Deadly Blessing (1981)    1 Stars

“Pray you’re not blessed”

 

Deadly Blessing (1981)

Director: Wes Craven

Cast: Maren Jensen, Sharon Stone, Susan Buckner

Synopsis: This film is set in Amish Country, at a local farm, where a woman’s husband is mysteriously killed by his own tractor!

 

 

 

This early(ish) horror movie from Wes Craven could have been a bona-fide classic had the writing been a little clearer with regard to some character motives, because Deadly Blessing has a nice, creepy atmosphere and an unusual storyline in which modern values clash with perhaps outdated religious ones in the American Midwest. Craven and his fellow writers at least have to be applauded for (just about) plausibly manipulating three hot chicks into a remote farmhouse where they can be menaced by nature and evil, and spied upon while naked by inbred country folk.
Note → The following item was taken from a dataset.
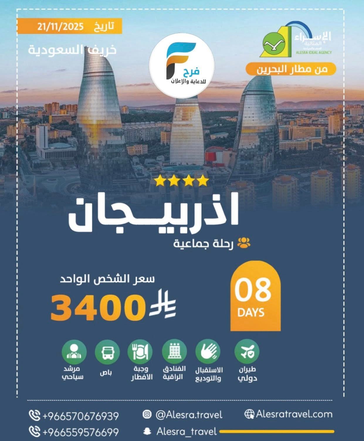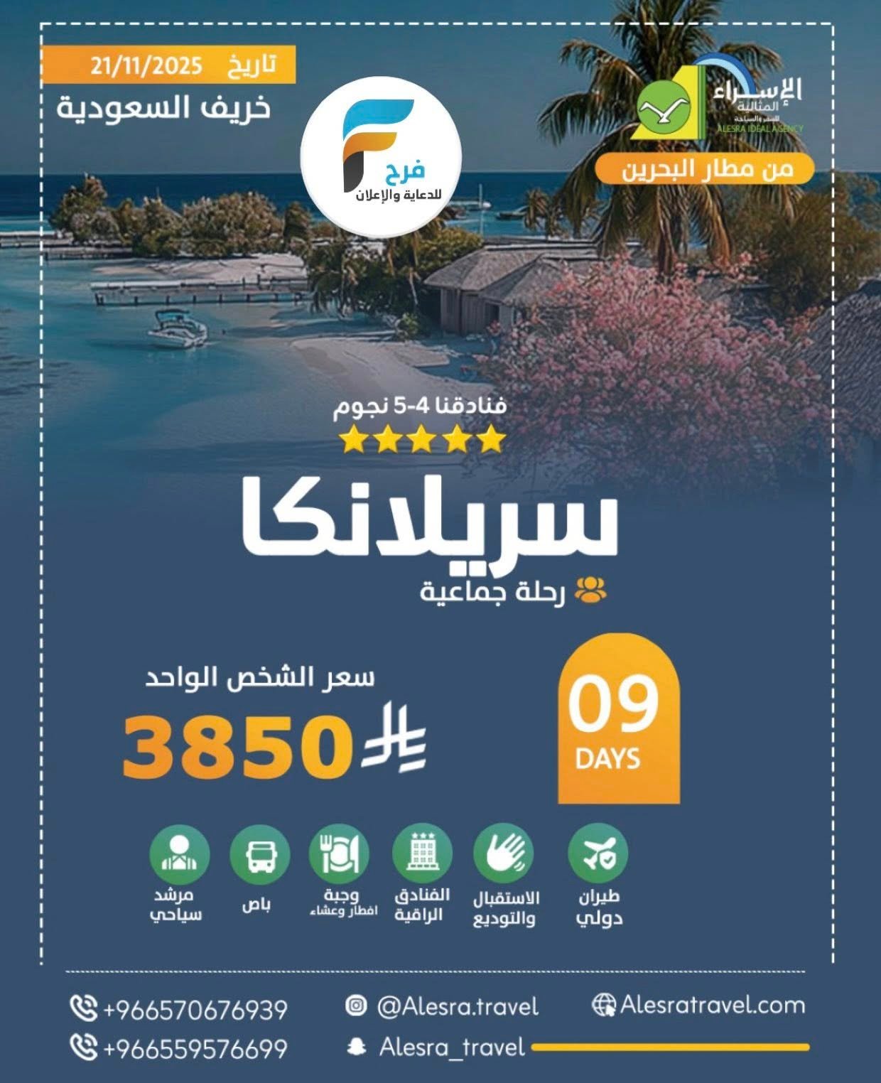 1850 ريال تبدأ رحلات وكالة الاسراء المثالية للسفر والسياحة إجازة الخريف / قيرغيستان – مصر – اذربيجان – سريلانكا 8 نوفمبر، 2025 2للحجز والإستفسار :05706769390559576699♦ الانستقرام :-www.instagram.com♦السناب :-www.snapchat.comأشترك معنا في خدمة فرح :

Model Maren Jensen, whose last film this would be, plays Martha, an unusually beautilicious farmer‘s wife, married to the hunky Tom (Jonathan Gulla), who was once a member of the neighbouring Hittite community, a religious group closely based on the Amish community. The Hittite men wear black suits and hats and have beards without moustaches, while their women wear modest dresses that cover everything from neck to ankle. The Hittites also reject modern mechanical items, and Tom’s zealous father, Isaiah (Ernest Borgnine) is so incensed by his son’s use of farm machinery that he forbids his younger son, John (Jeff East) from having anything to do with his older brother. Another neighbour who has problems getting along with the Hittites is young Faith (Lisa Hartman) whose talent for art offends local Hittite weirdo William Gluntz (Michael Berryman), and her mother (Lois Nettleton), who is strangely flirtatious around Tom despite being a self-professed misandrist.

One fateful night, Tom sees a light on in the barn and when he investigates find the word Incubus scrawled on the wall in red paint. As he’s painting over the word he’s crushed by his own tractor in a scene shot through a red filter. There are plenty of suspects, even though his death is seen as a tragic accident: Isaiah and William both have their reasons, for a start. Anyway, nobody is charged and Martha angrily rejects Isaiah’s offer to buy the farm from her, deciding instead to maintain the place herself — because everyone knows just how easy it is to run a farm without any help. Luckily for her, two friends from the city have arrived to offer her their support — although not their manual labour. Lana (Sharon Stone) and Vicky (Susan Buckner) are on a mission to cheer their friend up, because all a grieving widow with a farm to runs needs is a couple of city girls lounging around the place, shrieking at spiders and inflaming the ultra-religious neighbours.

One of those unable to resist the siren call of modern city girls is William, who pays the price of peering through a window of the Schmidt widow’s house to watch her slip out of her clothing when an unknown assailant stabs him in the back. Lana, who really didn’t put much though into her suitability for life in the country, gets freaked out in the barn in which Tom died when all the shutters unaccountably close on their own leaving her in darkness with all those creepy-crawlies you find in the countryside. Naturally, she freaks out so it’s probably something of a relief when the episode comes to an end with her encountering the body of William swinging from a beam. Meanwhile, Vicky starts getting close to John Schmidt, a relationship which disturbs Isaiah, who is becoming increasingly obsessed with the idea that an incubus is stalking the countryside.

Although Deadly Blessing could technically be described as a stalk-and-slash horror flick, it’s actually pretty restrained for that sub-genre, although it’s noticeable that all those who die have been, or are about to, participate in sex or, in the case of poor freaky-looking William, entertaining thoughts about it, which is, in a cockeyed way, in keeping with the theme of an incubus orchestrating many of the creepy incidents taking place around the Schmidt homestead. The deaths aren’t particularly gory, and Craven seems more interested in exploring the tensions between the two communities in the midst of a demonic possession of sexual persuasion than simply rolling out a gory set-piece every ten minutes.

It’s also refreshing to find a movie of this nature which doesn’t revolve around sex-starved teenagers. Of the three female leads, it’s perhaps inevitable that a delicious-looking pre-stardom Sharon Stone makes the biggest impression, while Jensen is just a little too bland for her role. And of course it’s always good to see Michael Berryman; the guy has a face that was made for horror movies, and his unique features make any movie he appears in memorable. On the negative side, however, Deadly Blessing’s rather muddled storyline means it might need a couple of viewings to fully understand — which is a commitment most viewers probably won’t be willing to make.